++++ LISTED ENTRIES

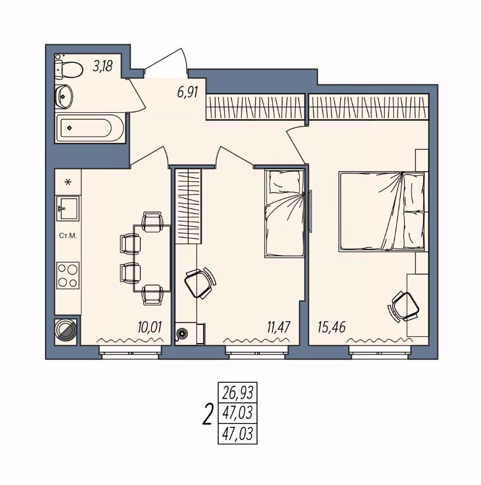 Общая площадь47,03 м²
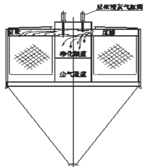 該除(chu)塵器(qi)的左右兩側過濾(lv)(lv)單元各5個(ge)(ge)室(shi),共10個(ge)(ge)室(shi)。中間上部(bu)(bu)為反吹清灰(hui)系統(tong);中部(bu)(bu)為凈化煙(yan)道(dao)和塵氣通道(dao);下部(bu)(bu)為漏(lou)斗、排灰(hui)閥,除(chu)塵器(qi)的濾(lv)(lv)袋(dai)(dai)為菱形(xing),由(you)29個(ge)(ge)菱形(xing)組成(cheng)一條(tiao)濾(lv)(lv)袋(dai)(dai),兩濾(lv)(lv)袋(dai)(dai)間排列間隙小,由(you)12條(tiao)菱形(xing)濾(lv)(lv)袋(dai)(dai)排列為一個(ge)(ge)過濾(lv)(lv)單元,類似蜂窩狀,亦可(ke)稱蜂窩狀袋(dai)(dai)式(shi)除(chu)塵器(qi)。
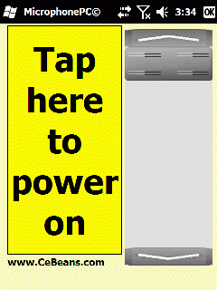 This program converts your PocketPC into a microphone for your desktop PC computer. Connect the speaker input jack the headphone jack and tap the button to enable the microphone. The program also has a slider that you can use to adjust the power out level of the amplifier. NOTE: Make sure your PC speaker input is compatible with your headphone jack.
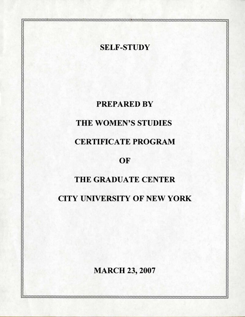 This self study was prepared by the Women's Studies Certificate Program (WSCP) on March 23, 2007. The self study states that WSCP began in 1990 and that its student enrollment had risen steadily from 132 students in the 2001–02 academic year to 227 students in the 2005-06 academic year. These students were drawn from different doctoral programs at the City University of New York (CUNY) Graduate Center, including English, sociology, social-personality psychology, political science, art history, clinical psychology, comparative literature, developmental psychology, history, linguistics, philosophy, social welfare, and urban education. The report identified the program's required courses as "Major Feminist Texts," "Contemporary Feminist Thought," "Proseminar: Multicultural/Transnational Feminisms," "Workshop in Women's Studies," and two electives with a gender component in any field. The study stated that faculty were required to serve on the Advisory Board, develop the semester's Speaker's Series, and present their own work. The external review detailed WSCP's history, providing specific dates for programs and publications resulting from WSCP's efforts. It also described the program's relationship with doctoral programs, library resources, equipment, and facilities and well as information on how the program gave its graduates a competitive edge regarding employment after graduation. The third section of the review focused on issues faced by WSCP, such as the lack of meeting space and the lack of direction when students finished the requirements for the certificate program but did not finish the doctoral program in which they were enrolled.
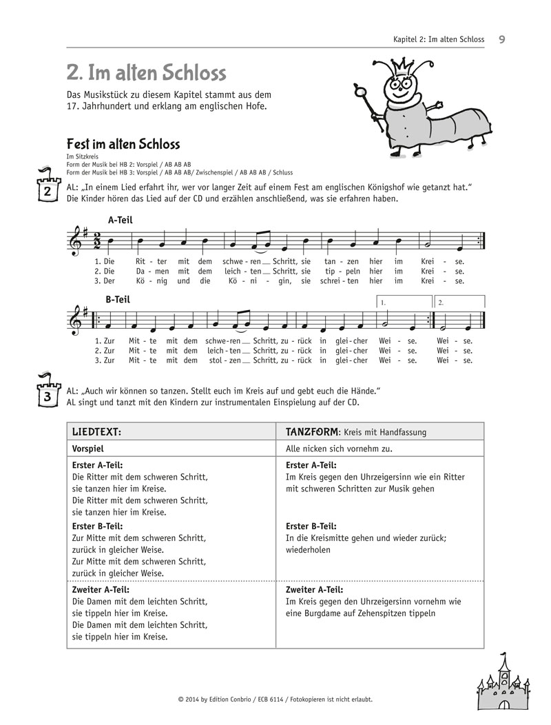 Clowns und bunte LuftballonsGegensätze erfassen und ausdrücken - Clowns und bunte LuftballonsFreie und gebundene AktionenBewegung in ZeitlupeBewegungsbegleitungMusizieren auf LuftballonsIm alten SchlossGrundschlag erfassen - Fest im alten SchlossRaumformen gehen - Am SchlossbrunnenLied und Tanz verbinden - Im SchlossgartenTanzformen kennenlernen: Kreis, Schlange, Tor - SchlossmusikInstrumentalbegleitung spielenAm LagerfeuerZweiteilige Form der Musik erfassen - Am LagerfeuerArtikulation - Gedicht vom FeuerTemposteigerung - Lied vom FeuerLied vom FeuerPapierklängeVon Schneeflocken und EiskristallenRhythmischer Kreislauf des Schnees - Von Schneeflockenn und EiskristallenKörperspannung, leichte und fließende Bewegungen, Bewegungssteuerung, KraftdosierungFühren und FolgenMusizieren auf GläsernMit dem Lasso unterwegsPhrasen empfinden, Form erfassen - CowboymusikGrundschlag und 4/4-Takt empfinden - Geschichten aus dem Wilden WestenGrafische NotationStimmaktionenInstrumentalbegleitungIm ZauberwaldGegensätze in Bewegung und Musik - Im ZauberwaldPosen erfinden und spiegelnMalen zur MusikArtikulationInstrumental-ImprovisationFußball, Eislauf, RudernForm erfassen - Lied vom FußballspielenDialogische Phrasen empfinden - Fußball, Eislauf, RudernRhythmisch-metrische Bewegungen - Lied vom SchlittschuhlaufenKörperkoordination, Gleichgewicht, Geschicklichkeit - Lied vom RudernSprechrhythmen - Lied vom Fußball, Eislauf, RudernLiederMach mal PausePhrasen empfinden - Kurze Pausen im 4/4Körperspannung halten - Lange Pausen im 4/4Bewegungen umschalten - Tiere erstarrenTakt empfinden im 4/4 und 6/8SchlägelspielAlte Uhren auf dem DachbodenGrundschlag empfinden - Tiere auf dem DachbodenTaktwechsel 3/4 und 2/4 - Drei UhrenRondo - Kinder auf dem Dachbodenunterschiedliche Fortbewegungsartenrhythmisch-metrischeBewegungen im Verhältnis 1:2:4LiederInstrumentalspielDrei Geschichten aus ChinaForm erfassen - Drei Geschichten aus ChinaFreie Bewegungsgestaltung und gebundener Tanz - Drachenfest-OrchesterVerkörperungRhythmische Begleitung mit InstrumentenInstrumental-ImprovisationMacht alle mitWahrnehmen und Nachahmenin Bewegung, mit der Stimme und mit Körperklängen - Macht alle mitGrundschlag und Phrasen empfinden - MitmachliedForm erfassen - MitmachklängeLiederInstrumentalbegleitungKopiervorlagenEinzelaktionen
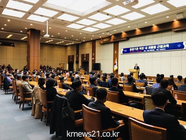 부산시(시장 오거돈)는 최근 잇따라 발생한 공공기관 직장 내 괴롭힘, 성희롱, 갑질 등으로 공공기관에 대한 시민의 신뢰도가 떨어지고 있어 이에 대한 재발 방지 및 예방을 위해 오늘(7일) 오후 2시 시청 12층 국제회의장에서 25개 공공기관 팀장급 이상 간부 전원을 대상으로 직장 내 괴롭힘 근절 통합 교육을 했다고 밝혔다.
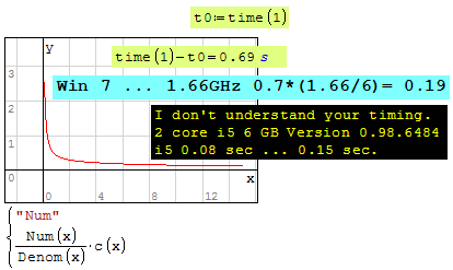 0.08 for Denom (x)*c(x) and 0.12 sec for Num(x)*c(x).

++++++++

- PROBLEM REQUIREMENTS: No pictures belong in the copy. Retype exactly, and only, the lines from the line containing "부산시(시장 오거돈)는 최근" through the last line of the data, both included.

- SOLUTION:
 부산시(시장 오거돈)는 최근 잇따라 발생한 공공기관 직장 내 괴롭힘, 성희롱, 갑질 등으로 공공기관에 대한 시민의 신뢰도가 떨어지고 있어 이에 대한 재발 방지 및 예방을 위해 오늘(7일) 오후 2시 시청 12층 국제회의장에서 25개 공공기관 팀장급 이상 간부 전원을 대상으로 직장 내 괴롭힘 근절 통합 교육을 했다고 밝혔다.
 0.08 for Denom (x)*c(x) and 0.12 sec for Num(x)*c(x).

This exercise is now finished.